Reviewed by the Court.
Decisions will be entered under Rule 50.
Concurrence Opinion
concurring: I concur in the result reached by the majority opinion, though I doubt if it can be distinguished from our Court’s recent decision in Joel E. Hall, 4 T. C. 506, in which the opposite result was reached. I dissented in the Hall case and pointed out the reasons why I did not think the income of the irrevocable trust involved in that case should be taxed to the grantor.
Another comparatively recent case by this Court which it might be thought is in conflict with the result reached in the instant case is Louis Stockstrom, 3 T. C. 255; now on review, C. C. A., 8th Cir. However, after carefully reading the facts in that case and comparing them with those present in the instant case, I do not believe the result reached in the instant case is in conflict with the Stockstrom case. In the Stochstrom case the three trusts which were made for the settlor’s three adult children contained powers which enabled the settlor-trustee to shift income beneficiaries somewhat similar to the powers reserved to the grantor in Commissioner v.
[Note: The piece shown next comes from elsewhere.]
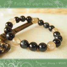 邪悪なパワーを跳ね返し、ひらめきと鋭いインスピレーションを与え目的達成の道を選択させるといわれるブルータイガーアイ、そして人・お金・人気運を呼び寄せ、とても強い厄除けのパワーをもつルチルクォーツ。
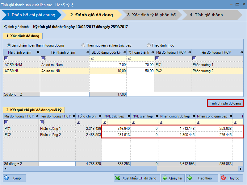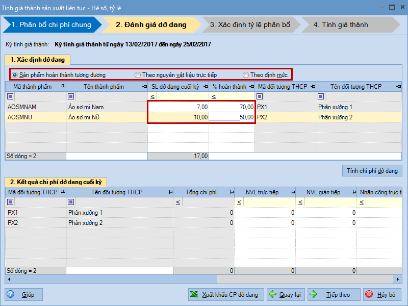 2. Nhập số lượng thành phẩm dở dang và tỷ lệ hoàn thành của các thành phẩm dở dang đó.

Buck, 120 Fed. (2d) 775. There are no such powers granted to the settlor-trustees in the instant case. In the Stochstrom case the seven trusts which were set up for the benefit of Stockstrom’s seven grandchildren, while not granting to the settlor-trustee powers which were as extensive as those contained in the trusts for his three adult children, did grant to the settlor-trustee the discretion to either accumulate the income or distribute it to the beneficiary. These trusts were for the lifetime of the beneficiaries. We construed this power as being broad enough to enable the settlor-trustee to completely withhold the income of the trust from the grandchild beneficiary throughout his lifetime. To quote from the opinion itself in the Stockstrom case, the settlor-trustee “was not required to distribute any part of the income to any of the beneficiaries during his lifetime.” We held that this power over the income, when coupled with the broad administrative powers granted the settlor-trustee over the corpus in these several trusts, caused the income to be taxable to the settlor, Stockstrom.
In the instant case the primary purpose of the trusts is to provide for the education of the settlors’ three minor children and any accumulated income and principal not used for that purpose is to be turned over to the beneficiary when he reaches 30 years of age. Thus each of the three trusts here involved is to completely terminate when the beneficiary reaches 30 years of age and all the corpus and accumulated income is to be turned over to the beneficiary. The trusts in that respect are not unlike those present in J. O. Whiteley, 3 T. C. 1265, where we held that Helvering v. Clifford was not applicable.
The administrative powers granted to the trustees in the instant case are quite broad and are, I think, as broad as those present in the Stockstrom case, but I think the Supreme Court in Helvering v. Stuart, 317 U. S. 154, made clear that retention by the grantor of only broad administrative control over the corpus does not make the income of a long term family trust taxable to him.
For these reasons above stated, I concur in the result reached in the majority opinion.
Dissenting Opinion
dissenting: We can not fairly distinguish the facts in either Louis Stockstrom, 3 T. C. 255, or Joel E. Hall, 4 T. C. 506, from those here. In addition, there are features of the conduct and operation of these trusts which are comparable to those leading to nonrecognition of the trusts in such earlier cases as Benjamin F. Woilman, 31 B. T. A. 37, and William C. Rands., 34 B. T. A. 1107, the true forerunners of the Clifford case. We accordingly dissent.